376 A.2d 290, 31 Pa. Commw. 379, 1977 Pa. Commw. LEXIS 992
CourtCommonwealth Court of Pennsylvania
DecidedAugust 4, 1977
DocketNo. 987 C.D. 1975
StatusPublished
Cited by10 cases

This text of 376 A.2d 290 (County of Allegheny v. Department of Public Welfare) is published on Counsel Stack Legal Research, covering Commonwealth Court of Pennsylvania primary law. Counsel Stack provides free access to over 12 million legal documents including statutes, case law, regulations, and constitutions.

Bluebook
County of Allegheny v. Department of Public Welfare, 376 A.2d 290, 31 Pa. Commw. 379, 1977 Pa. Commw. LEXIS 992 (Pa. Ct.

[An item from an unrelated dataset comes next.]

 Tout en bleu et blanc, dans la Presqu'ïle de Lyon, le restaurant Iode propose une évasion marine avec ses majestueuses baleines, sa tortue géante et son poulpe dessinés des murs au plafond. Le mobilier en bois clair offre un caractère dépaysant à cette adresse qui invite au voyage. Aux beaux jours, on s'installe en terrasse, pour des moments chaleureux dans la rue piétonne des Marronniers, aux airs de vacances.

App. 1977).

Opinion

Opinion by

Judge Kramer,

This is an action in mandamus commenced by the County of Allegheny and numerous associations and individuals (Plaintiffs) and which seeks an order compelling the Department of Public Welfare (Department) to reimburse the County for all expenditures made for the interim care of mentally retarded persons who have been accepted by, and are awaiting admission to, a State facility. The case is presently before us on the Plaintiffs’ motion for Judgment on the Pleadings.

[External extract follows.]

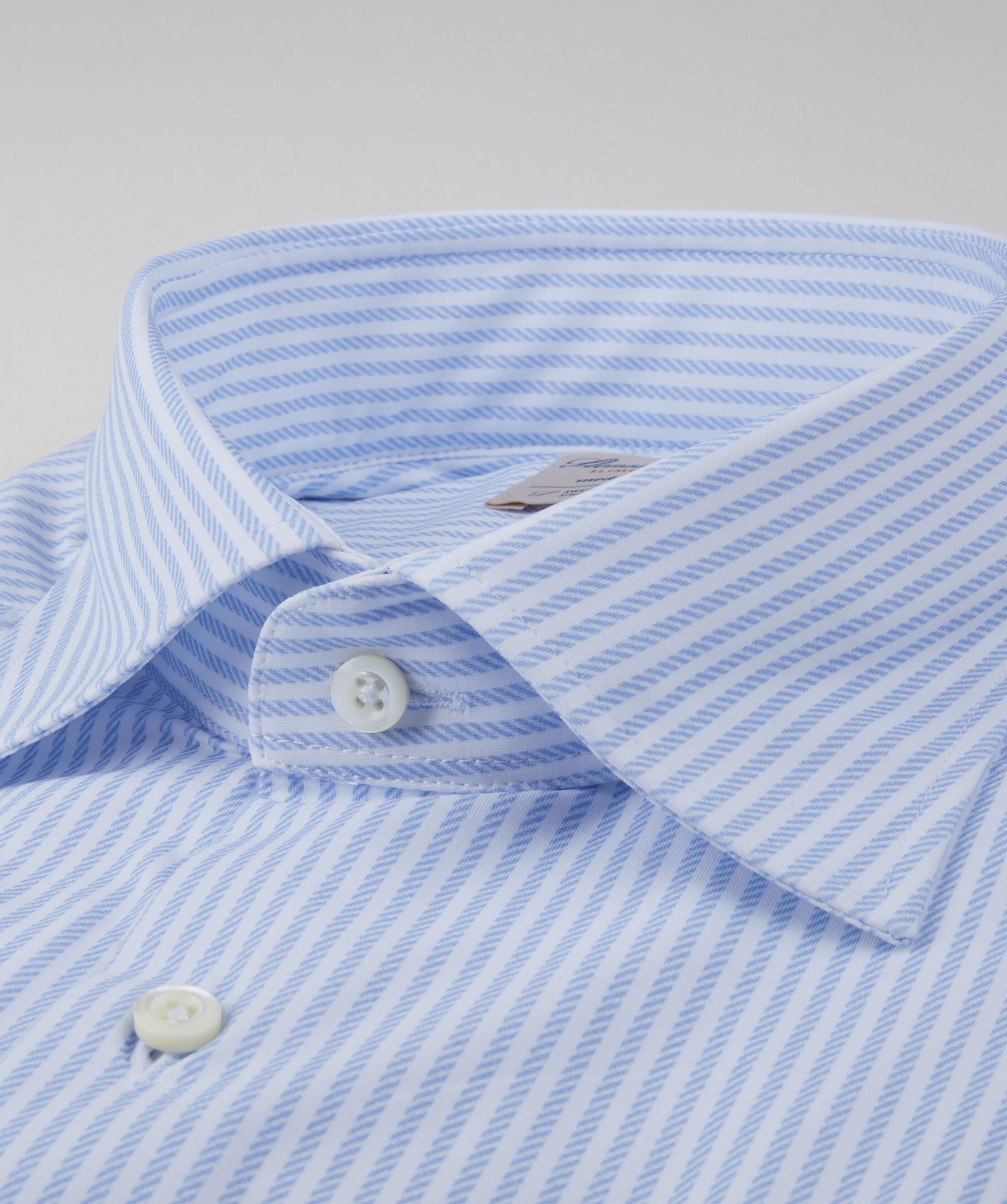 Casual ljusblå jerseyskjorta, med en slimline passform, tillverkad i polyamide och elastan. Skjortan är designad med ett randigt mönster, pärlemorknappar, enkla manschetter samt med en krage i modell cutaway.

[381]*381Under the provisions of the Mental Health and Retardation Act of 1966 (Act),1 the Commonwealth and the counties participate on a cooperative basis in the effort to provide adequate facilities and services for all persons suffering from mental deficiencies or disorders. One aspect of this cooperative effort involves the provision of interim care of mentally retarded persons who have been removed from their homes and accepted for admission to a State facility, pending an available opening in such a facility. Section 301(d) (8)2 of the Act imposes upon the counties the duty to assure the availability of interim care. Section 507 (a)(4)3 of the Act imposes upon the Commonwealth the duty to pay for such interim care. The present controversy arises out of the disagreement between the parties as to the extent of the Commonwealth’s duty to pay for interim care under Section 507. The Plaintiffs contend that the Commonwealth must provide 100 percent reimbursement to the counties and seek such reimbursement for fiscal years 1969-70 to the present and continuing thenceforth. The Department contends that it is obligated to reimburse only at rates determined in accordance with a reasonable formula established at the Department’s discretion.

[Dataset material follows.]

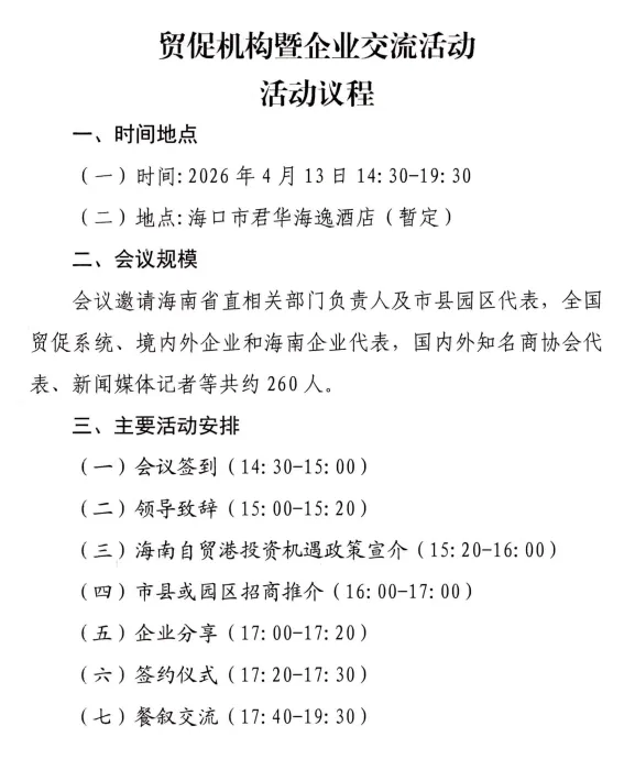 海南贸促会将于4月13日主办贸促机构暨企业交流活动,活动将邀请海南省相关厅局介绍自贸港封关后相关政策,邀请相关市县、园区进行招商推介,活动议程(拟定)如下:

Numerous issues have been briefed and argued by the parties. Unfortunately, the present posture of the case does not permit us to rule on the Plaintiffs’ motion for Judgment on the Pleadings at this time.

The Department has alleged in its answer, under the heading of “New Matter,” that this Court lacks jurisdiction over the case because of the Plaintiffs’ failure to join, as defendants, the Auditor General [382]*382and the Treasurer of the Commonwealth, who are alleged to be indispensable parties.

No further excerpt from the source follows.